New machine to test lung functions available at GHCH

Updated design could help people be more comfortable as they take these tests

The new lung testing machine at Grays Harbor Community Hospital may look like an isolation tube on the set of a 1950s game show, but it provides potentially life-saving information about the people who venture inside and use it.

Called a diagnostic body plethysmograph, it’s located in the hospital’s cardiopulmonary department for lung testing, patients with asthma, chronic lung disease, lung or other cancers, and for health checks before surgery.

“It’s used by people of all ages,” said Valerie Norwood, the hospital’s cardiopulmonary supervisor. “People with allergies, emphysema, Chronic Obstructive Pulmonary Disease — even teenagers with exercise-induced asthma.”

Norwood said the tests performed with the machine provide many answers that help diagnose a person’s condition. However, the testing can take up to 90 minutes, and the person needs to provide all the effort they can muster for the results to be accurate.

Some of the patients have difficulties and need to be able to cough or drink some warm or cold liquid during the testing so they can continue the process to the end.

“One of our biggest jobs is to help them overcome their fear,” Norwood explained. “They can come in very nervous and scared.
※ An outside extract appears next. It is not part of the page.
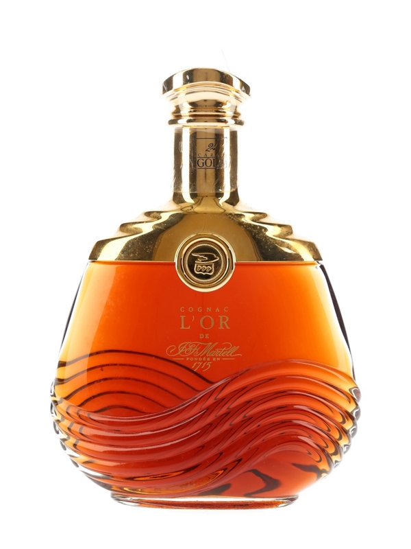 A bottle of Martell L'Or Cognac, a blend of eaux-de-vie from the Grande Champagne, Petite, Champagne and Borderies growing regions, with an average age of 60 years. This is presented in a crystal decanter decorated in 24 carat gold with a wave motif inspired by Cognac's undulating vineyards.

We help them understand what they are going to do.”

Children sometimes need to take these types of tests. The machine can be adjusted to accommodate their size but the process can be hard for youths because it requires a long time in which they have to follow directions.

The older version of this machine was smaller and for some it could be “claustrophobic,” Norwood said.

Images on the machine’s adjacent computer screen make it easier for children to be tested than it was when using the older model because they can easily see what’s going on outside of it because from the inside of the tube-shaped machine the view is clear like a window.

“One on-screen image has a birthday cake with candles on it and another has a balloon that expands,” Norwood said. “These images help the child know how their doing.”

The machine can be adjusted for people with mobility problems, too. The seat is at the same level as a wheelchair.

The hospital intends to eventually increase the hours of operation for this machine from two days to four days a week. They currently conduct less than 500 of these tests each year, and chronic patients take these tests annually.

“We can only serve a percentage of the population each year,” she said.

The lung testing isn’t done exclusively on people with apparent health problems. It’s also used to screen workers to ensure they have no problems working in certain heavy industries. Potential fire fighters also require lung testing.

“But some tests are for more fun reasons — people who want to scuba dive,” Norwood said.

Before the hospital invested in its first plethysmograph six years ago, it used a spirometer, which measures the air capacity of one’s lungs.

“Some doctor’s offices have spirometers and use them to see if a patient needs to come here for full testing,” she noted.